VMware
released the VMware Carbon Black "2020 Cybersecurity Outlook" report,
which offers a holistic view at how attackers have evolved, what
defenders are doing to keep pace and how security and IT teams can work
together in 2020 and beyond.
Using
the MITRE ATT&CK framework as the backdrop for Section I of the
research, the report uncovers the top attack tactics, techniques, and
procedures (TTPs) seen over the last year and provides specific guidance
on ransomware, commodity malware, wipers, access mining and destructive
attacks.
In
Section II of the report, VMware Carbon Black collaborated with
Forrester Consulting on a 624-person survey (IT / security manager and
above, including CIOs and CISOs) to explore the current state of IT and
security relationship dynamics from the C-level to the practitioner
level, and how these will evolve.
Among some of the key findings from the report:
- Attacker behavior continues to become more evasive, a clear sign that attackers are increasingly attempting to circumvent legacy security solutions. Defense evasion behavior was seen in more than 90 percent of the 2,000 attack samples we analyzed.

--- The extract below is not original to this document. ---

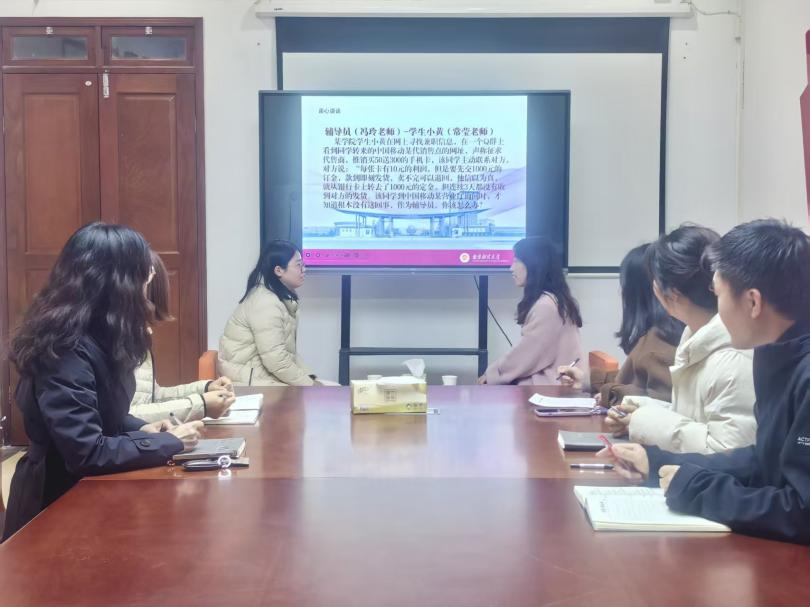 本次院赛紧密对标省赛、校赛流程,设置“案例研讨”与“谈心谈话”两大环节,全面考察辅导员的理论功底、分析研判、应急处突、教育引导和解决实际问题的综合能力。在“案例研讨”环节,参赛辅导员通过赛前抽签确定AB角与案例题目,采用“你提问,我回答”的形式展开。选手们在提问中展现洞察力,在应答中体现专业性,充分展示了扎实的业务基础和清晰的育人思路。在“谈心谈话”环节,参赛选手模拟真实情境,与同事扮演的“学生”开展谈心谈话,面对学业压力、人际矛盾、生涯迷茫等具体问题,进行耐心疏导和思想引领。本次院赛创新采用“新老结对、实战演练”的比赛模式,通过互评打分选拔出预赛优胜者,再分别与院党委副书记尹海燕进行终极对决。整场比赛组织严谨、节奏紧凑、氛围热烈,达到了以赛促学、以赛代练、以赛提能的预期目标。

- Defense evasion behaviors continue to play a key role with ransomware (95 percent of analyzed samples). These ransomware attacks are heavily targeting organizations in energy, government and manufacturing sectors.
- Wipers
(attacks that can overwrite data and clear hard drives) continue to
trend upward as adversaries (including Iran) began to realize the
utility of purely destructive attacks.
- IT and security teams appear to be aligned on goals (preventing breaches, efficiency, incident resolution) but 77.4 percent of survey respondents said IT and security currently have a negative relationship, according to our study conducted with Forrester Consulting.
- 55
percent of survey respondents said driving collaboration across IT and
security teams should be the organization's top priority over the next 12 months, according to the study
- More than 50 percent of survey respondents said that both security and IT will share responsibility for key areas like
endpoint security, security architecture and identity / access
management over the next three to five years, according to the study
For a full look at the key findings and to download the full report, click here.
"Defenders
must stop thinking about how to achieve results on their own. Defenders
must continue to build bridges with IT teams. The time for cooperation
is now. We can no longer afford to go at this problem alone. We need IT
teams to look toward security solutions that are built in and not bolted
on. It's time for security to become part of our organizational DNA.
It's time security becomes intrinsic to how we build, deploy and
maintain technology," said Rick McElroy, one of the report's authors.